Chicken and Daikon Nimono. In this nimono dish, the chicken is first cooked skin-side down, generating a lot of oil. You can remove the excess oil with a paper towel if you like. Julienne the ginger into short strips and cut the negi into thick diagonal slices.
Grab it on the App Store. "Nimono" is the Japanese word for food that is boiled and seasoned. The taste is very mild and the aroma reminds me of the way my childhood home used to smell when I got home from school. Nimono is a famous cooking technique in Japan. You can have Chicken and Daikon Nimono using 11 ingredients and 5 steps. Here is how you cook that.
Ingredients of Chicken and Daikon Nimono
- Prepare of chicken breast meat.
- It's of daikon(radish).
- Prepare of medium size green onion(you can use 1/2 stalk negi).
- You need of Ginger, roughly half a piece.
- It's of vegetable oil.
- It's of Seasoning.
- It's of dashi broth.
- It's of sake.
- Prepare of soy sauce.
- It's of sugar.
- It's of mirin.
It's a simple dish using fish, vegetables, or meat simmered in broth that is primarily used in home-style. Most of the time, it's some sort of braised fish, meat or vegetable in a soy sauce, sake and/or mirin sauce. Braised daikon, or "daikon no nimono" is slowly simmered Japanese radish in a light dashi broth. It's a delicate and flavorful side dish.
Chicken and Daikon Nimono instructions
- Cut the chicken into bite size pieces. Slice the ginger into thin size, cut the green onion into diagonal slices. Cut the daikon in half lengthwise and cut it into slices..
- Combine the seasoning ingredients in a bowl..
- Heat the vegetable oil in a pot. Lightly stir fry the green onions and ginger. Add the chicken and cook until it changes color..
- Add the daikon slices and cook on both sides..
- Pour the seasoning liquid and bring to a boil over high heat. Remove the surface scum and reduce the heat to low simmer. Cover with a lid and cook for another 20 minutes, then serve..

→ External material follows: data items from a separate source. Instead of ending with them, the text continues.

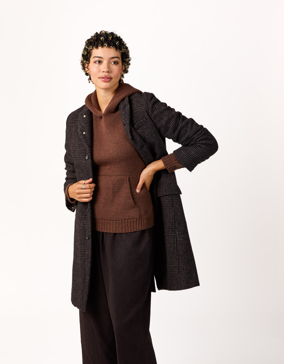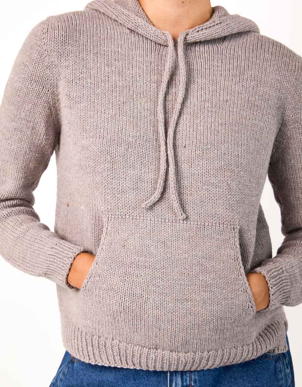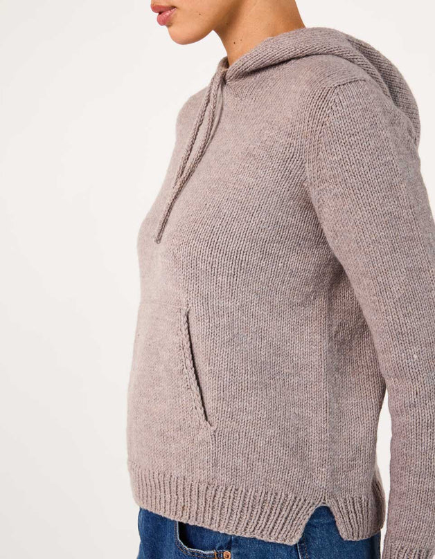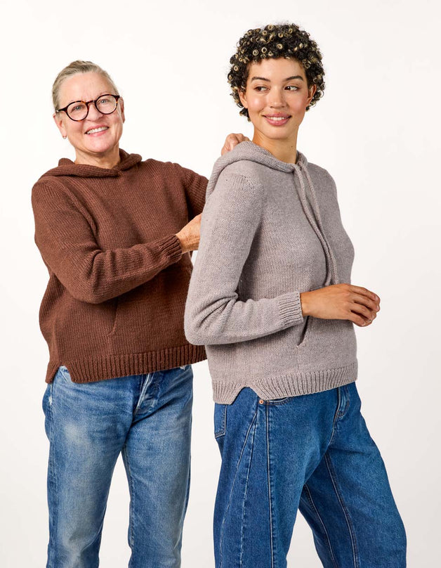 Tracy is a classic hoodie with handknit charm. The hood is worked from the top down with a neat I-cord edging (and room for an optional drawstring) and is then knit seamlessly into the signature Cocoknits Method. The cozy front pocket is picked up from the body and incorporated with a three-needle join. Two short sections of the pocket lining are whip stitched to the inside of the sweater. The split ribbed hem provides extra movement and comfort at the hips. Although Julie doesn’t like to wear hoods herself, her long-time friend and Cocoknits team member, Tracy, loves a good hoodie. It was only fitting that our first hooded sweatshirt be named after her!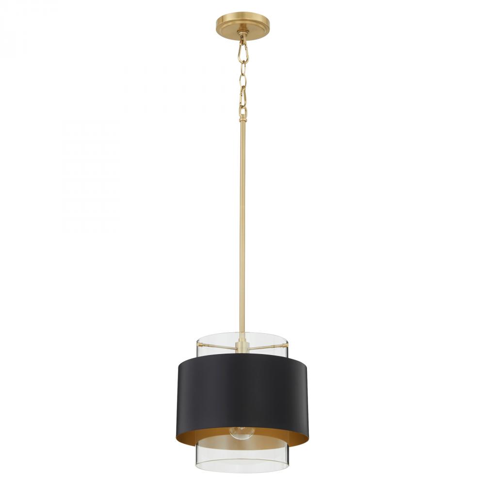 This stylish pendant features a crystal-clear glass drum shade with a duo-tone matte black, aged brass collar. The subtle warmth of aged brass peeks through the clear glass and balances its black exterior. These decorative lights are suspended from aged brass rods with adjustable chains that connect to a circular mounting plate. Hang in multiples at staggering heights or singly over a conversational space. Available in 10" or 12" diameters.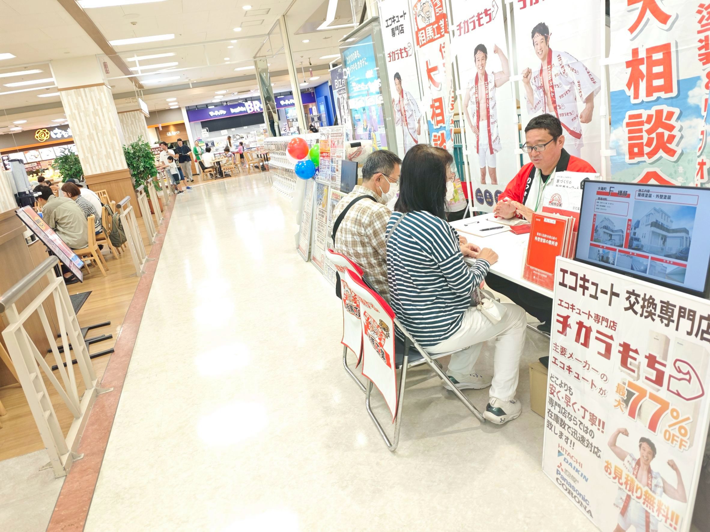 本日はイオン茅ケ崎中央店3Fフードコート前で行いました、「住宅塗装&リフォーム大相談会」に今回も多くの方がお越しくださいました。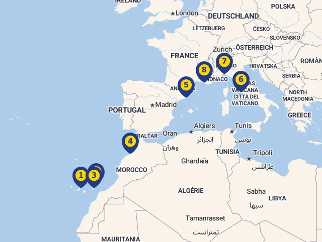 Spoznajte miesta, kde Vaša loď počas plavby zakotví! Každá zastávka je označená číslom, ktoré zodpovedá jej pozícii na mape, aby ste mohli jednoducho sledovať celú trasu. Stačí kliknúť na vybranú destináciu a zistíte viac o každej z nich. Pre ešte lepší prehľad si môžete celý program plavby prezrieť priamo na mape.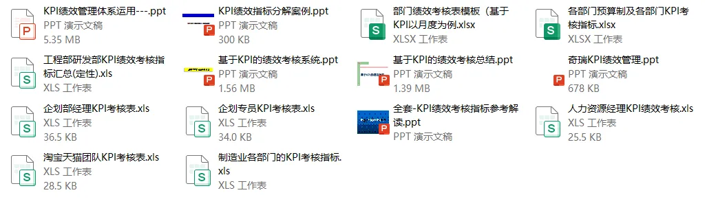 《KPI关键绩效指标资料包》,共14份资料,包括KPI绩效管理体系运用、部门绩效考核表模板、绩效考核表等等。

Vegetables or fish, or a combination of vegetables and proteins are often simmered together to create dishes that are popular nimono, not just in restaurants, and bentos. Delicious chicken wing cooked in a savory soy sauce broth with daikon, the slow cooker makes the meat simply fall off the bones. Making Nimono (煮物) with Slow Cooker. In Japan, simmered dishes are called Nimono (煮物) and a typical home cooked meal usually includes one or more nimono. Remove the chicken from the liquid, and strain the solids, reserving the poaching liquid.